Then, we analyzed all the nine datasets. After preprocessing the data, only 676 out of the 4436 genes remained. These genes included 161 and 234 true and false upregulated genes and 195 and 206 true and false downregulated genes, respectively. We selected two out of the six “good” datasets (15 cases in total). For the remaining four “good” datasets and the three “bad” datasets, we permuted the sample labels for each dataset, so that we expect no DE genes in these seven datasets. In other words, our test data represent an incomplete association where only two out of nine datasets include DE genes. We repeated the test for the 15 possible data combinations for both up and downregulation cases comprising 30 instances in total. The performance of the meta-analysis methods was analyzed by comparing the 30 AUCs, TPRs, and true FDRs between methods (Fig. 4).

Figure 4
figure 4

Microarray simulation results. Area under the ROC curves (AUCs) of ten meta-analysis methods were compared. The sample labels of seven out of the nine studies were permuted to make unassociated studies. roP was tested for three r parameters, 2, 4, and 6 denoted as (roP_2, roP_4, and roP_6, respectively).
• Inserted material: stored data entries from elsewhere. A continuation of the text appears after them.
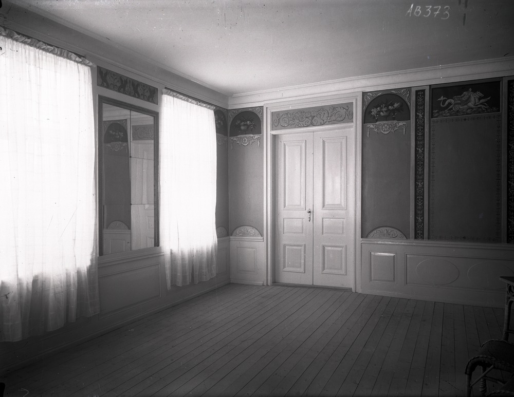 Fotografi av salsinteriör på andra våningen i Tornerhjelmska huset. Skira gardiner hänger för två fönster till vänster i bild. Mellan dem hänger en spegel. På väggen rakt fram finns en dubbeldörr. På väggarna finns en låg panel. Ovanför är väggarna tapetserade med en rikt ornamenterad tapet. En stol och ett bord skymtar längst till höger i bild. I övrigt är rummet tomt på möbler.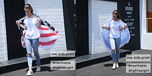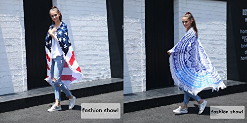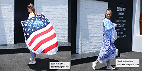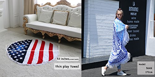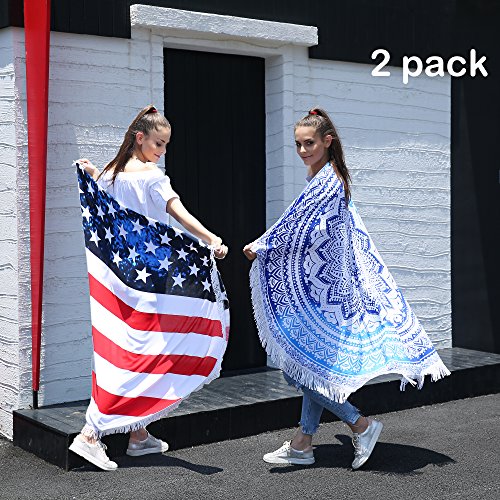 2 PCS Popular Round beach cover, Summer beach must-have,THIN cotton LightWeight Beach Towel Round Yoga Mat (blue)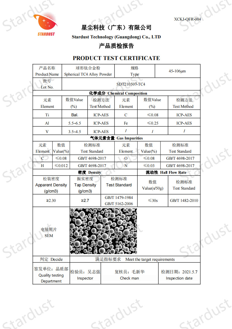 5球形颗粒形态:球形TC4粉末流动性好,适合增材制造(如3D打印)和粉末冶金工艺。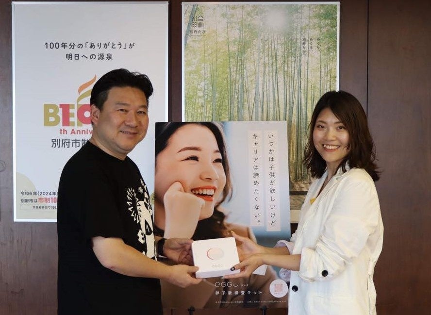 別府を選び起業・創業する人にスポットを当て、「地域課題の解決」や「社会価値を創造する」ビジネスモデルが生まれた背景やストーリーを知ってもらい、応援してもらうためのイベント『ONE BEPPU DREAM AWARD2022』で、志賀遥菜さんがファイナリストに選ばれたことをきっかけに、志賀さんと別府市のご縁が始まりました。 EggUの箱を開けると、かわいいピンクゴールドのロゴマークと分かりやすいイラスト。検査キットを手にした女性たちの、ちょっぴり不安な気持ちを受け止めて、やさしく背中を押してくれるメッセージ。EggUからは、「今と未来をどちらも大切にしたい女性を応援したい!」という志賀さんのあたたかく、そして熱い想いが伝わってきました。 EggUを通して別府市役所の女性職員が自分のからだのことを知り、今の自分に合った様々な選択肢を知る機会をくださったことに感謝申し上げます。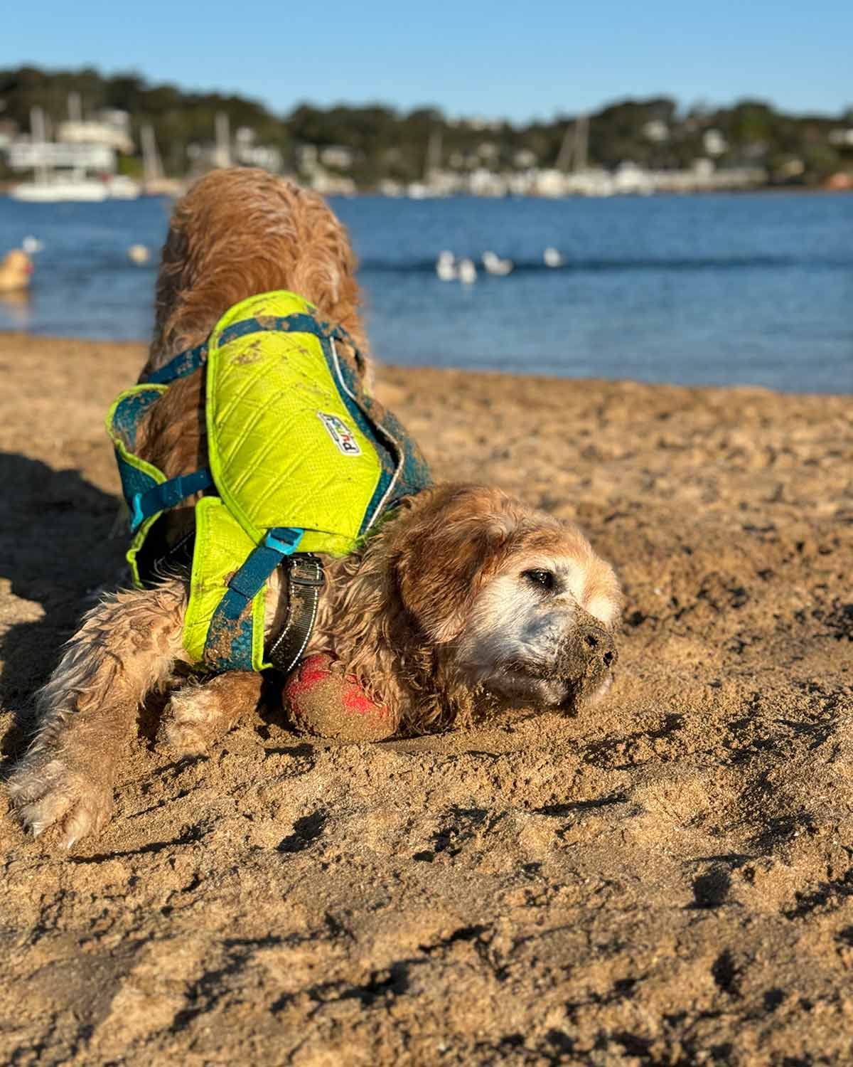 On a serious note: I originally got the High Performance Life Jacket several months ago when Dozer was still mid-rehabilitation, but ended up returning it because I didn’t think it provided enough buoyancy for him. But he’s come such a long away, even being praised by the Magic Dog Doctor for his progress (it’s like getting a gold star at school!), that I decided to give the High Performance Jacket a go again.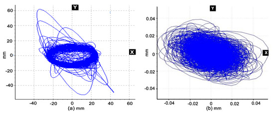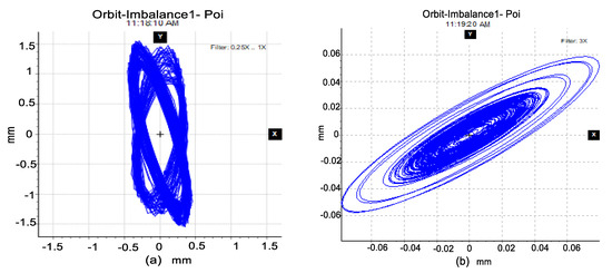 Experimental orbit response of the imbalanced drill string in fluid (a) without water and (b) with water.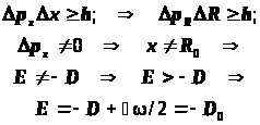 Вместе с тем основное состояние не может быть связано в точности с минимумом адиабатического потенциала, поскольку минимум на кривой соответствует фиксированному равновесному межъядерному расстоянию, что противоречило бы принципу неопределённости Гейзенберга. При статически фиксированной длине связи импульс ядер должен был бы быть совершенно неопределённым. Это противоречие устраняется, если истинный уровень энергии сдвинуть немного выше минимума адиабатического потенциала. (рис. )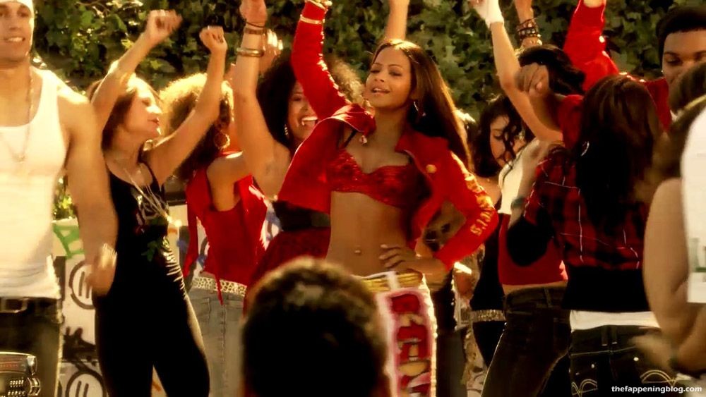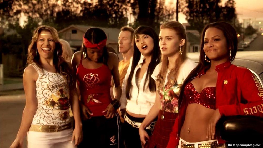 In the first scene of Christina Milian, she is showing the cleavage and her stomach in an opened jacket. She wears a red sequined bra underneath as she watches some people dancing. Then she’s joining the dancers, as dances sexy. Nikki SooHoo and Holland Roden are joining her.

We also analyzed the nine original datasets and compared the biological relevance of the meta-analysis results. Because all the REM DE genes were included in the FEM DE genes and Fisher and wFisher DE genes were similar to each other, we compared the results of only three meta-analysis methods (ordmeta, wFisher, and FEM) for simplicity. We downloaded the genes that belonged to the “Malignant neoplasm of prostate geneset” (C0376358) from DisGeNET database26, and used them as gold standard genes. The biological relevance of DE genes (FDR q-value < 0.01) was assessed by the enrichment (hypergeometric distribution) p-value and corresponding odds ratio (OR) of gold standard genes within DE genes as follows:

$${\text{Enrichment}}\;p{\text{ - value}} = 1 - \mathop \sum \limits_{i = 0}^{O - 1} \frac{{\left( {\begin{array}{*{20}c} G \\ i \\ \end{array} } \right)\left( {\begin{array}{*{20}c} {N - G} \\ {D - i} \\ \end{array} } \right)}}{{\left( {\begin{array}{*{20}c} N \\ D \\ \end{array} } \right)}}$$
$${\text{OR}} = \frac{{\left( {G \cap D} \right)}}{D}/\frac{G}{N}$$

where N is the total number of genes, D is the number of DE genes, and G is the number of gold standard genes. We used 635 genes (out of 676) that belonged to HUGO Gene Nomenclature Committee genes used in DisGeNET database to assess the biological relevance (Table 2).
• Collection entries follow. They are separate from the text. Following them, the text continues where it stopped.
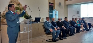 Seis vereadores e a prefeita Regina Dubay participaram na manhã deste domingo de sessão solene da Câmara na 1ª Igreja Presbiteriana Renovada. Isso mesmo: mais uma sessão dentro de um templo religioso. Desta vez foi para entregar a Comenda 10 de Outubro para a igreja e uma moção ao pastor Lauro Celso de Souza. Aliás, o pastor fez um discurso bem crítico aos políticos. Não poupou ninguém.
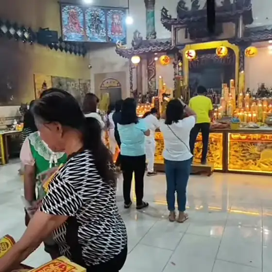 Kiu Ong thai thei 2025 人们在寺庙中向神灵祈祷,并在寺庙前院焚烧神灵屋的复制品。 闽南语传统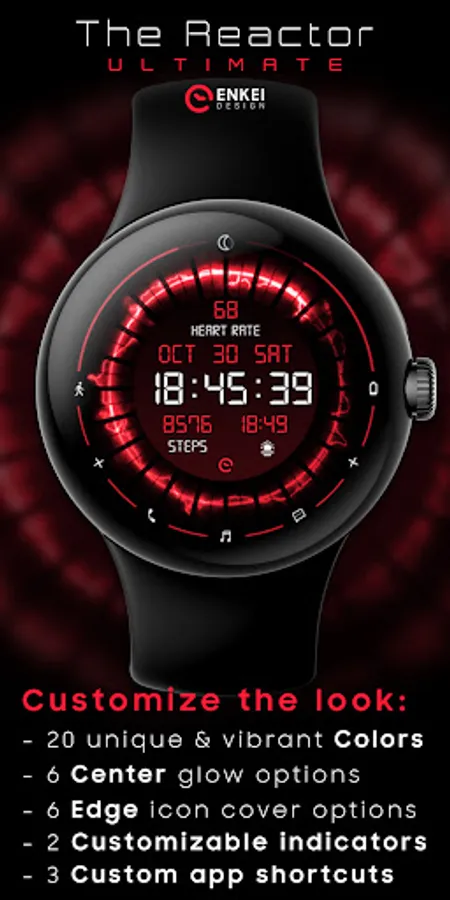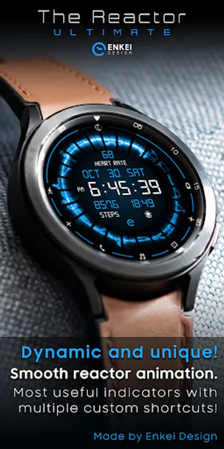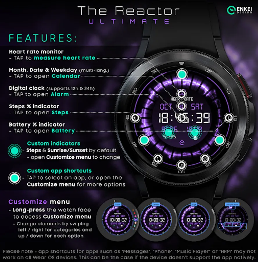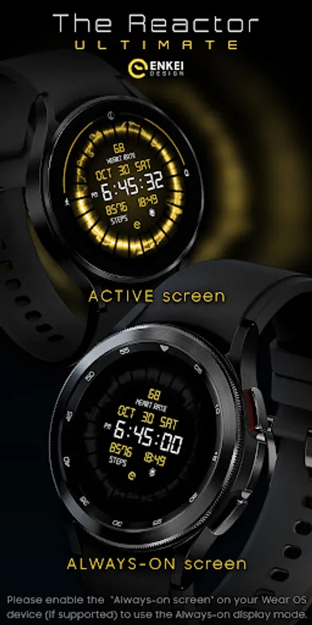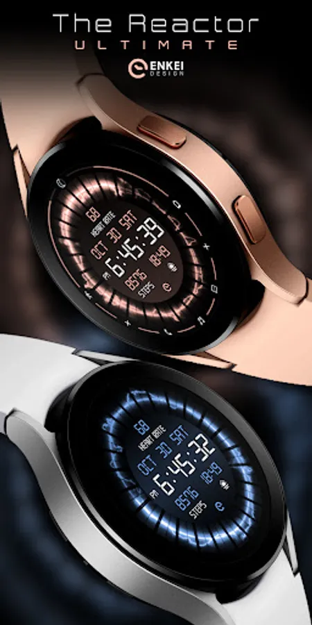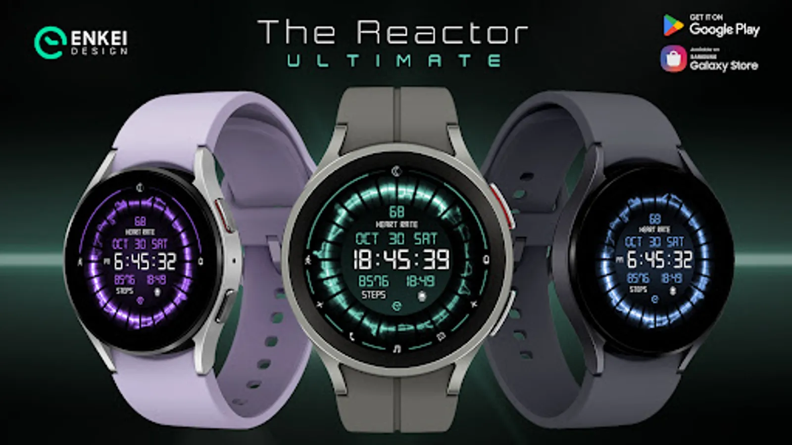 Enkei Design proudly presents a fully upgraded and refined Wear OS version of "The Reactor", our top-rated digital animated watch face from the Samsung Galaxy Store: The Reactor Ultimate !

Table 2 Comparison of biological relevance of significant genes. Nine prostate cancer microarray datasets were analyzed. Enrichment p-values and odds ratios of gold standard genes (C0376358) in differentially expressed genes for three meta-analysis methods are shown.

Metapro R package and other meta-analysis tools

We developed an R package ‘metapro’ that implements wFisher and ordmeta methods as well as other p-value combining methods tested in this study. The package automatically imports ‘rSymPy’ package for the symbolic calculation of multiple integrals in ordmeta function. Metapro is available from both CRAN and GitHub (http://github.com/unistbig/metapro). For meta-analysis of RNA-seq and microarray data, we used the R packages metaDE24 and metaQC25. Individual expression dataset was analyzed using moderated t-test followed by meta-analysis pipelines provided by these R packages. MetaDE provides six meta-analysis methods, rankProduct, roP, Stouffer, Fisher, FEM, and REM for analyzing RNA-seq and microarray data. For the meta-analysis of BMI association data, weighted Z-method was implemented using METAL27 (https://genome.sph.umich.edu/wiki/METAL). Fixed and random effects models were implemented using GWAMA28 (https://www.geenivaramu.ee/en/tools/gwama). The random effects model developed by Han and Eskin29 (denoted as RE-HE) was implemented using METASOFT (http://genetics.cs.ucla.edu/meta_jemdoc/). MR-MEGA was implemented using MR-MEGA30 (https://www.geenivaramu.ee/en/tools/mr-mega).

Results

Comparison of p-value combining methods for simulated t-tests

We compared the performance of wFisher and ordmeta with that of existing p-value or Z-score combining methods (Fisher, Z-method, weighted Z-method, and Lancaster). To test the false positive control, 2, 10, 30, and 100 p0-values that were generated from one-tailed t-test with effect size zero and were combined using each method (Table 1). All the tested methods controlled the false positives well regardless of the number of combined p-values.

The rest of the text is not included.